Scientific classification
- Kingdom: Animalia
- Phylum: Chordata
- Class: Reptilia
- Order: Squamata
- Suborder: Iguania
- Family: Tropiduridae
- Genus: Microlophus
- Species: M. occipitalis
- Binomial name: Microlophus occipitalis (Peters, 1871)
- Synonyms: Laemopristus occipitalis - Peters, 1871; Tropidurus (Laemopristis) occipitalis - Peters, 1871; Aneuoporus occipitalis - Bocourt, 1874; Craniopeltis occipitalis - Cope, 1876; Tropidurus bocourtii - Boulenger, 1885; Tropidurus occipitalis — Boulenger, 1885; Tropidurus tschudii - Roux, 1907; Tropidurus continentalis - Müller, 1924;

= Microlophus occipitalis =

- Genus: Microlophus
- Species: occipitalis
- Authority: (Peters, 1871)
- Conservation status: LC
- Synonyms: Laemopristus occipitalis - Peters, 1871, Tropidurus (Laemopristis) occipitalis - Peters, 1871, Aneuoporus occipitalis - Bocourt, 1874, Craniopeltis occipitalis - Cope, 1876, Tropidurus bocourtii - Boulenger, 1885, Tropidurus occipitalis — Boulenger, 1885, Tropidurus tschudii - Roux, 1907, Tropidurus continentalis - Müller, 1924

Species of lizard

Microlophus occipitalis, colloquially known as the knobbed Pacific iguana, is a lizard included within the Tropiduridae family. It is a member of the Microlophus genus and thus also considered a lava lizard. The knobbed Pacific iguana is found primarily in Western Peru and Ecuador, lining the coasts. The habitats of the knobbed Pacific iguana can be considered to be both broad and diverse as they are typically found in many different places such as beaches, lomas, and all the way to desert regions. This diversity is furthered as these lizards can also be found in open areas, between rocks, or bushes.

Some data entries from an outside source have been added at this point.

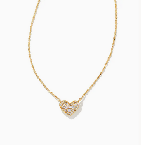 Kendra Scott Gold Ari Pave Crystal Heart Necklace In White Crystal
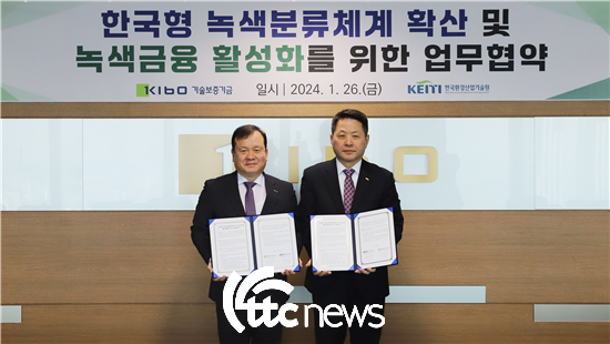 한국환경산업기술원(원장 최흥진)은 1월 26일 서울 영등포구 63스퀘어 기술보증기금 영상회의실에서 한국형 녹색분류체계를 녹색기술시장에 확산하고 우수한 녹색기술을 보유한 중소·중견기업의 녹색투자 저변을 확대하기 위해 기술보증기금(이사장 김종호)과 업무협약을 체결했다.
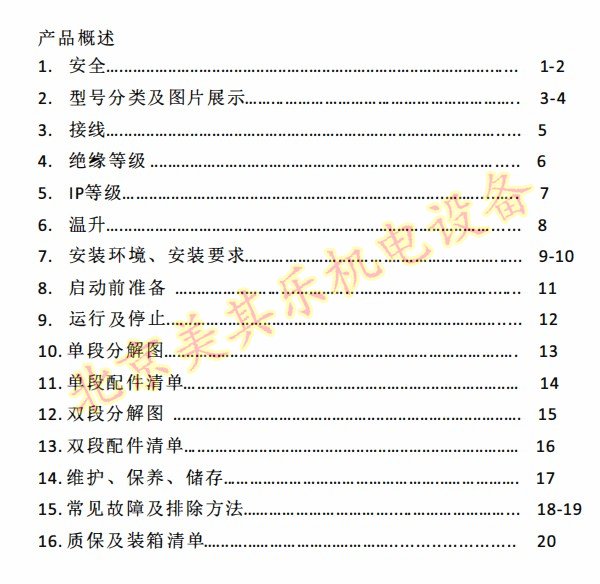漩渦氣泵使用說(shuō)明書(shū)概況目錄如下:
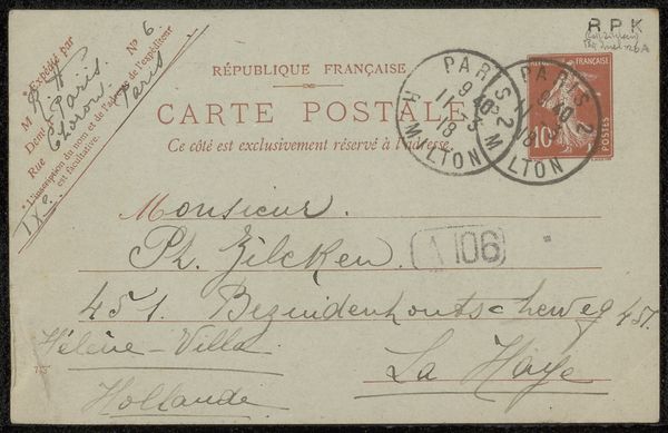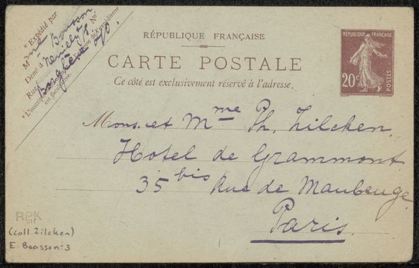 Editor: Here we have Albert Baertsoen's "Briefkaart aan Philip Zilcken," made before 1898, using ink on paper. It’s quite fascinating to see a postcard elevated to the level of art. What strikes me is the immediacy of it – a snapshot of a communication from another era. How do you interpret this work? Curator: It’s crucial to understand this postcard not just as a piece of personal correspondence, but as a crafted object reflecting its means of production and circulation within the postal system. Consider the paper itself: its specific weight, the texture affecting the ink's absorption. The printing of "Carte Pneumatique" indicates a particular, rapid mode of communication within Paris, connecting it to a network of technology and labor. Editor: So you're suggesting that the card's materiality and the system that delivered it are as important as the message itself? Curator: Absolutely. The standardization implied by the printed text contrasts sharply with the hand-written address. It’s where labor is seen. Think of the postal workers, the industrial production of paper and ink – all embedded in this seemingly simple object. Where does "art" begin and the everyday labor end here? Editor: I hadn't considered all the layers of production involved. It reframes my view, shifting it from simply the artist and recipient to all the other workers. Curator: Precisely. By examining these material conditions and the broader social context, we can move beyond a purely aesthetic appreciation and understand how art is fundamentally intertwined with production, consumption, and even the social networks of the time. Editor: That's really broadened my perspective. I see the postcard now as less about its surface content and more about the system of labor and technology it represents. Curator: Exactly. It's about uncovering the processes that make art possible and interrogating what we value and why.
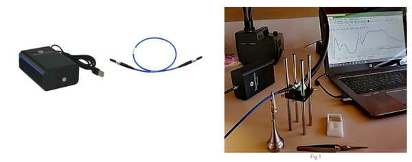 所用的光谱仪是 Thunder Optics 的 SMA-E 光谱仪。该光谱仪校准后的可见-近红外 (VIS-NIR) 光谱范围为 380 nm 至 930 nm。狭缝宽度为 100 µm,与芯径/包层直径分别为 100/125 µm 的 MMF 型多模光纤匹配。光纤跳线两端均配有标准 SMA 连接器 SMA905。光纤长度约为半米。光纤的自由端可灵活调整位置,对准被测宝石,而光纤束端则以固定位置照射宝石。将宝石放置在平坦的载体上或抓住横笛手指展开弹簧支架,两者一起固定在位。
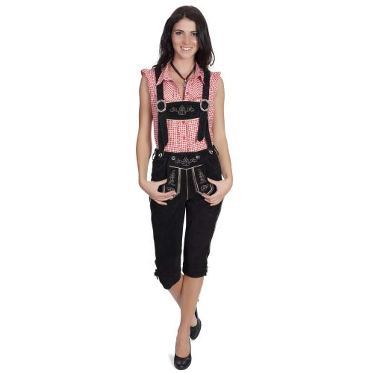 - Damen Jugendstil Trachtenlederhose Oktoberfest kurz Trachten Lederhose Trachtenhose
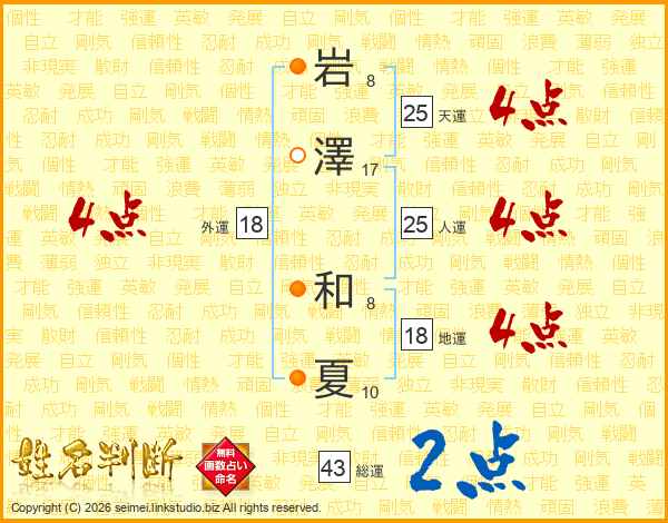 岩(8画)澤(17画) 和(8画)夏(10画)
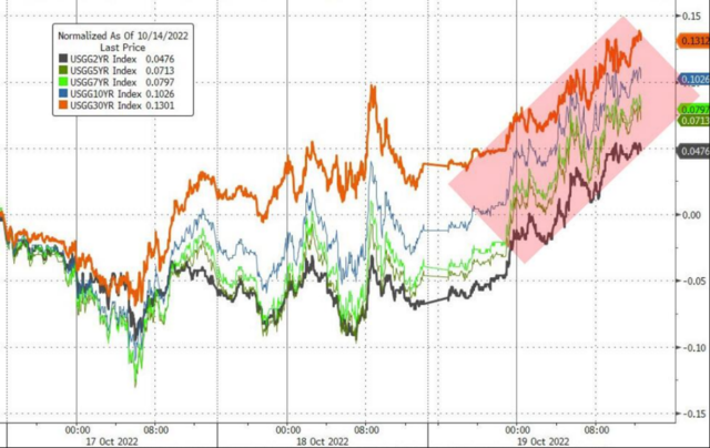 對美聯儲強硬加息的預期進一步激化了對經濟衰退的擔憂,驅動美債收益率全線走高。

The knobbed Pacific iguana displays distinct sexual dimorphism as seen by the different sizes and appearances of the male and females. Males are significantly larger and as a whole species, knobbed Pacific iguanas can range from 50–80 mm in snout-vent length. The two sexes also possess different coloration with males most often lacking color and females having a range of red to white lateral neck folds. These varying colors play a role in a prominent feature of knobbed Pacific iguanas in that these different shades can represent distinct stages of reproduction and signal information to mates.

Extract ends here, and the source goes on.